* **TASK BRIEF**:
Give the listing again, word for word, and let no picture into it.
─── SUPPLIED DATA ───
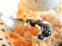 2種類のもちもちタピオカがトッピングされた、濃厚ミルクティーかき氷が美味!
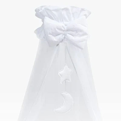 Mosquito Netting Canopy Drape Only Fits Crib, Moses Basket Broderie Anglaise (Moon White)
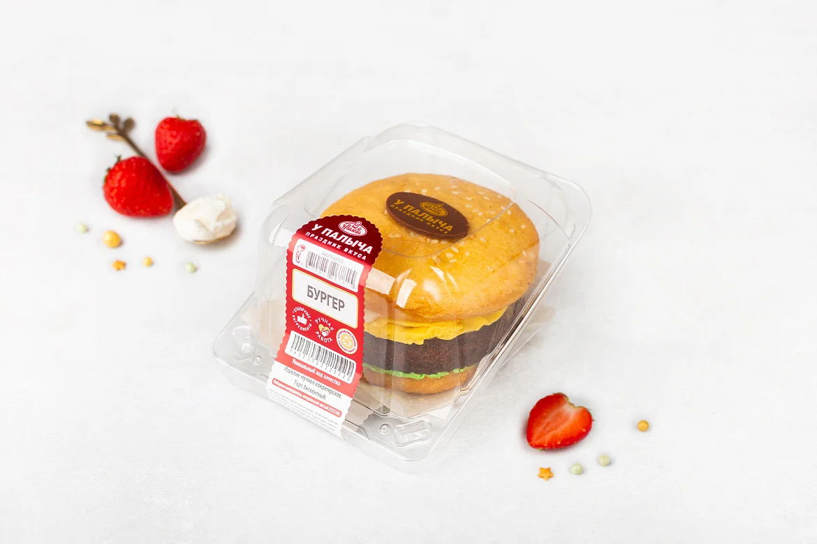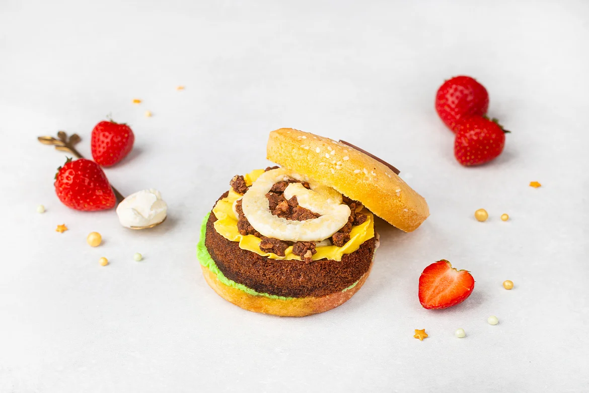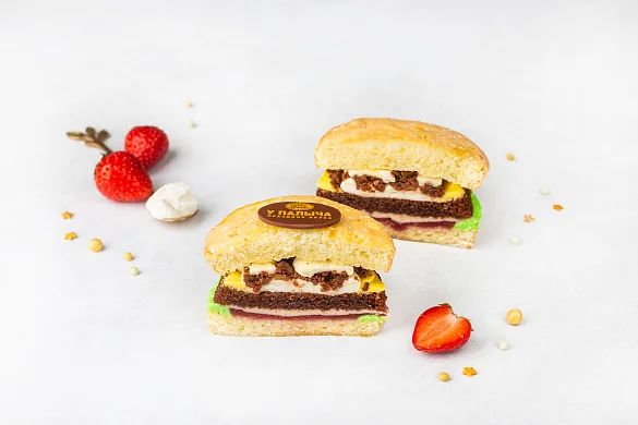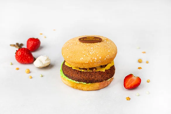 Десерт, который Вас удивит - торт Бургер! Сверху — золотистая «булочка» из воздушного пропитанного бисквита, щедро усыпанная кунжутом. Внутри — сочная «котлета» из шоколадного бисквита с настоящим темным шоколадом. Аппетитный зеленый салат и тающий сыр из сливочного крема с настоящим сгущенным молоком, и яркий "кетчуп" из спелой клубники. А теперь — фишка: нежный ванильно-творожный крем с добавлением настоящего сыра обволакивает каждый кусочек, а хрустящая прослойка из воздушного безе добавляет ощущений. Идеально для дня рождения, детского праздника и просто чтобы удивить гостей или порадовать себя. Энергетическая ценность/ калорийность: 1219 кДж/ 291 ккал.
───
* **SOLUTION TO THE EXERCISE**:
 2種類のもちもちタピオカがトッピングされた、濃厚ミルクティーかき氷が美味!
 Mosquito Netting Canopy Drape Only Fits Crib, Moses Basket Broderie Anglaise (Moon White)
 Десерт, который Вас удивит - торт Бургер! Сверху — золотистая «булочка» из воздушного пропитанного бисквита, щедро усыпанная кунжутом. Внутри — сочная «котлета» из шоколадного бисквита с настоящим темным шоколадом. Аппетитный зеленый салат и тающий сыр из сливочного крема с настоящим сгущенным молоком, и яркий "кетчуп" из спелой клубники. А теперь — фишка: нежный ванильно-творожный крем с добавлением настоящего сыра обволакивает каждый кусочек, а хрустящая прослойка из воздушного безе добавляет ощущений. Идеально для дня рождения, детского праздника и просто чтобы удивить гостей или порадовать себя. Энергетическая ценность/ калорийность: 1219 кДж/ 291 ккал.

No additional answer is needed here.